Electrochemical adsorbate-induced substrate restructuring: gold(110) in aqueous bromide electrolytes

Abstract

The electrode potential-dependent atomic structure of ordered Au(110) in bromide electrolytes is examined by in situ scanning tunneling microscopy, focusing on the ordered adlayer arrangements formed on the (1×1) substrate terraces, and especially the adsorbate-induced nanoscale restructuring which is observed to occur at higher potentials. Comparison is made with the previously examined behavior of Au(110) in iodide electrolytes. Several ordered bromine structures were identified, all featuring ‘close-packed’ Br rows along the (001) direction, i.e. perpendicular to the (110) ‘rails’. At lower coverages, θ Br<0.75, rectangular packing was commonly observed, featuring also Br rows parallel to the (110) direction. The Br binding sites were determined unambiguously from ‘potentiodynamic’ STM data, featuring juxtaposed substrate and adlayer domains created by potential-step perturbations during image acquisition. The rectangular unit cells contain Br atoms lying within the (110) troughs, and exhibit periodic variations from ‘long twofold’ to fourfold-hollow binding sites. These include (3×1) and (4×1) unit cells, corresponding to θ Br=0.66 and 0.75, respectively. At similar potentials to the latter, an alternative (4×1) structure can be formed having the same coverage, yet with quasi-hexagonal Br packing.

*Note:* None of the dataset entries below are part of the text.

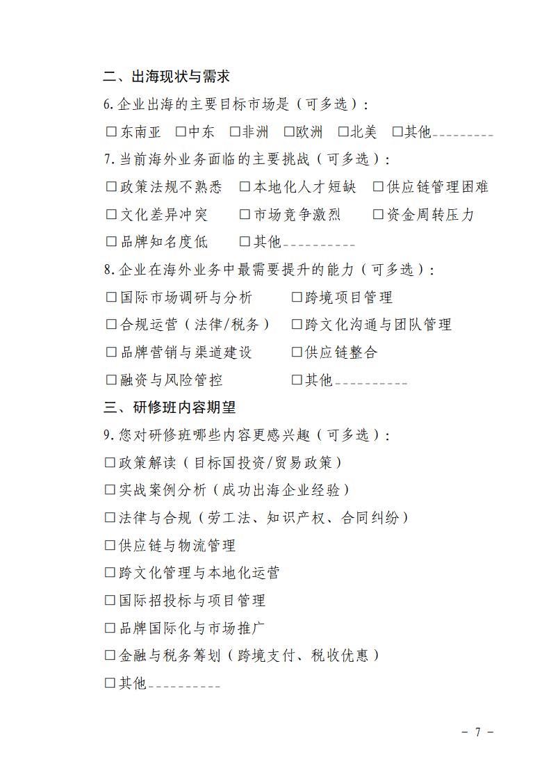 附件:建筑装饰企业出海高级研修班调查问卷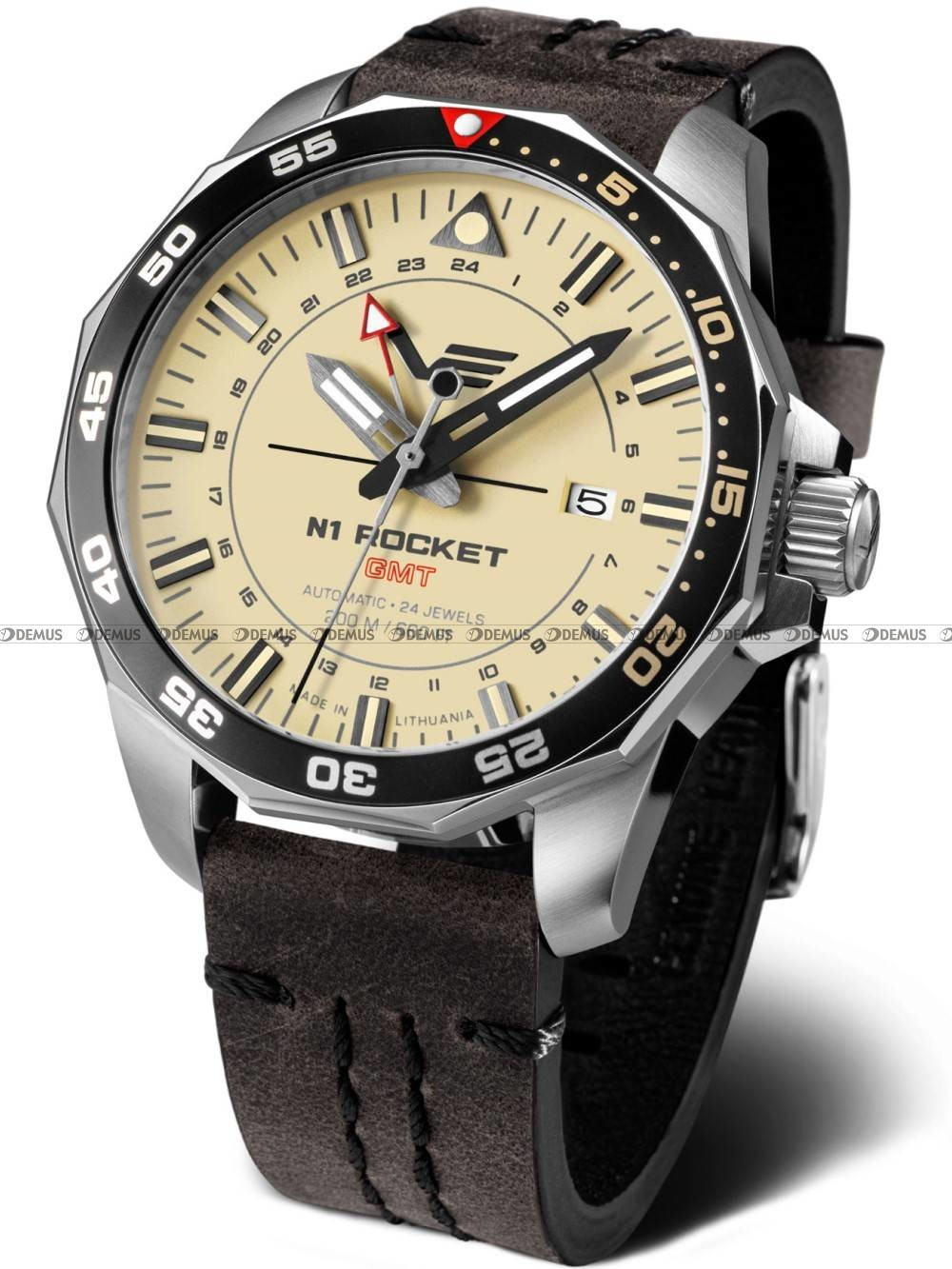 Vostok Europe Rocket N1 NH34-225A713 to elegancki zegarek inspirowany inżynierską precyzją i wytrzymałością konstrukcji rakietowych. Jego srebrna koperta o szerokości 46 mm i grubości 17 mm wykonana jest ze stali nierdzewnej, co zapewnia trwałość i odporność na uszkodzenia. Kremowa tarcza dodaje mu ponadczasowej elegancji, a brązowy skórzany pasek podkreśla klasyczny charakter. Dzięki funkcji GMT, umożliwiającej śledzenie dwóch stref czasowych jednocześnie, zegarek jest doskonałym wyborem dla podróżników i osób pracujących w międzynarodowym środowisku. Datownik zwiększa praktyczność zegarka, a zakręcana koronka i dekiel gwarantują dodatkowe uszczelnienie, które w połączeniu z WR200 sprawia, że zegarek jest odporny na wodę i gotowy do nurkowania na niewielkie głębokości.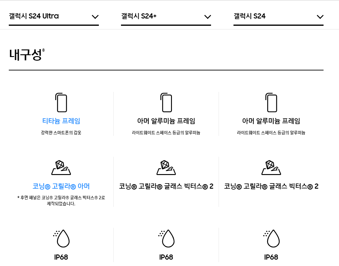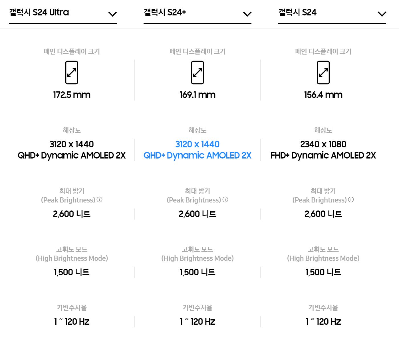 - 갤럭시 S24 울트라: 6.8인치로 세 모델 중 가장 커요. 울트라는 최고 사양을 자랑하는 모델이어서, 큰 화면이 필요하거나 여러 작업을 동시에 하는 사람에게 딱이에요.

Increasing the potential further yields erosion of terrace edges, especially along the (001) direction, and the appearance of arrays of single atomic-layer gold ‘nanorods’, 1.8 nm wide, also oriented along (001). These strings eventually self-assemble into ordered arrays, with rod separations of 0.9–1.2 nm. The restructuring can be reversed rapidly by returning the potential to lower values. The ordered restructuring is markedly different from that observed previously in the Au(110)–I system, which features ‘miniterrace stripes’ largely paralleling the (1 1 ̄ 0) direction. These structural differences can be understood in terms of the known dissimilarities in the close-packed Br and I adlattices; the strict (001) orientation of the nanorods in the Au(110)–Br system is apparently triggered by the similarly oriented Br strings. The widths of the restructured gold miniterraces in both electrolytes are surmised to be determined by adsorbate-induced dipole repulsion forces.